Борлай поднялся выше всех на пологий склон сопки, окинул взглядом стада коров, табунки лошадей и спросил сородичей:

— Все собрались? Можно отправляться?

— Паршивого барана, Ярманки, нет, — глухо напомнил средний брат Борлая — Байрым Токушев.

На поляне закричали Мундусы, озлобленные неслыханной дерзостью Ярманки Токушева, осмелившегося нарушить основную заповедь предков.

— Мало ему баб из чужих сеоков!

— Не пускать грязного человека в долину Голубых Ветров!

— Теперь на весь Алтай просмеют Мундусов.

— Не смеяться, а плетью надо учить бесстыжего, — надорванным голосом крикнул Тюхтень и медленно поднял тяжелую голову с морщинистым лицом, слезящимися глазами и седеющим пучком волос на подбородке.

Борлай думал о людях, собравшихся на поляне. Несколько дней тому назад они почтительно слушали его рассказы о долине Голубых Ветров, во всем соглашались с ним, так же, как он, ругали Сапога Тыдыкова, бывшего потомственного зайсана,[8] которого народ все еще считал главой сеока Мундус и почитал, как родного отца. В глазах было единодушное признание, что только он, Борлай Токушев, может быть их вожаком. А теперь лица их горели возмущением. Борлай понял, что они считают себя глубоко оскорбленными поступком его брата, приподнялся в седле и кинул нарочито грубо:

— Зря кричите.
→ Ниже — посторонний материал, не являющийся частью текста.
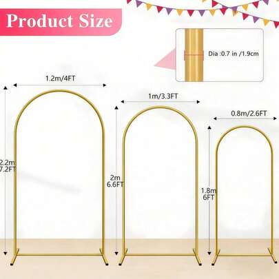 1pc Metal Arch Backdrop Stand, Wedding Arch Frame, Available In 5ft, 6ft, 6.6ft, 7.2ft, Suitable For Birthday Party, Graduation Ceremony Decoration (Arch Frame Only) - Gold - View 7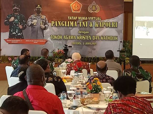 JAYAPURA – Panglima TNI Marsekal Hadi Tjahjanto dan Kapolri Jenderal Pol Listyo Sigit yang diwakili Kabaintelkam Komjen Pol Paulus Waterpauw bersaam Gubernur Papua Barat Dominggus Mandacan menggelar tatap muka virtual dengan para tokoh agama di Papua dan Papua Barat.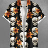 Gothic Plus Size Skull Floral Print Hawaii Button Pocket Shirt For Men
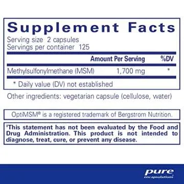 Pure Encapsulations MSM Capsules | Sulfur Supplement to Support Joints, Immune System, Connective Tissue, and Respiratory Health* | 250 Capsules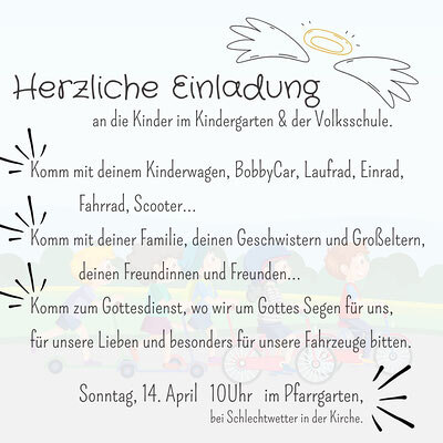 Es wurden Fahrräder, Laufräder, Roller, Inline Skater und Bobbycar gesegnet! Wir wünschen allen Kindern mit ihren Fahrzeugen "Gute Fahrt" und vergesst nicht: Fahr nicht schneller als dein Schutzengel fliegen kann...!!!

У нас, братьев Ярманки, кулаки крепкие. Он это знает.

На поляну вышли знакомые лошади. На одной ехал старый Токуш, отец Борлая, поддерживая берестяную сумину с кермежеками и амулетами, а на второй покачивалась Чаных. Позади, уцепившись за старших, сидели дети Чаных от первого мужа.

Они были погодками — старшему шесть, а младшему пять лет. На них болтались овчинные обрывки.

Показались последние всадники, а Ярманки все не было, хотя вчера он уверял, что выедет первым.

— Видно, не отпускает его подлая девка, — простонала Чаных.

Повернувшись к народу, Борлай взмахнул правой рукой, на которой болталась плеть:

— Откочевываем!

Пегуха подымалась по крутому склону, отыскивая чуть заметную тропинку, которая вела к скалистому хребту с вечными снегами.

Крикливый голос настиг Борлая:

— А кама не забыли позвать?

— Я был у кама Шатыя, но не мог упросить старика, даже проводить нас не согласился, — отозвался Тюхтень.

— Без кама нельзя.

— Беда упадет на нас черной тучей.

— Несчастье случится.

Одни кричали, что надо возвращаться в зимние аилы и в них провести лето, другие настаивали на богатом подарке шаману Шатыю, которого считали в горах «частым гостем богов».

Многие подосадовали, что неприятный разговор вспыхнул на взгорье, где летают духи — хозяева лесов, гор и снежных вершин.

— Не уйдем — последние овцы подохнут. Опять останемся без сена, а зимой снова к Сапогу бросимся: «Дай сенца для ягнят», — передразнил Байрым и жестким голосом закончил: — Сена он даст, но… сено у него дороже золота.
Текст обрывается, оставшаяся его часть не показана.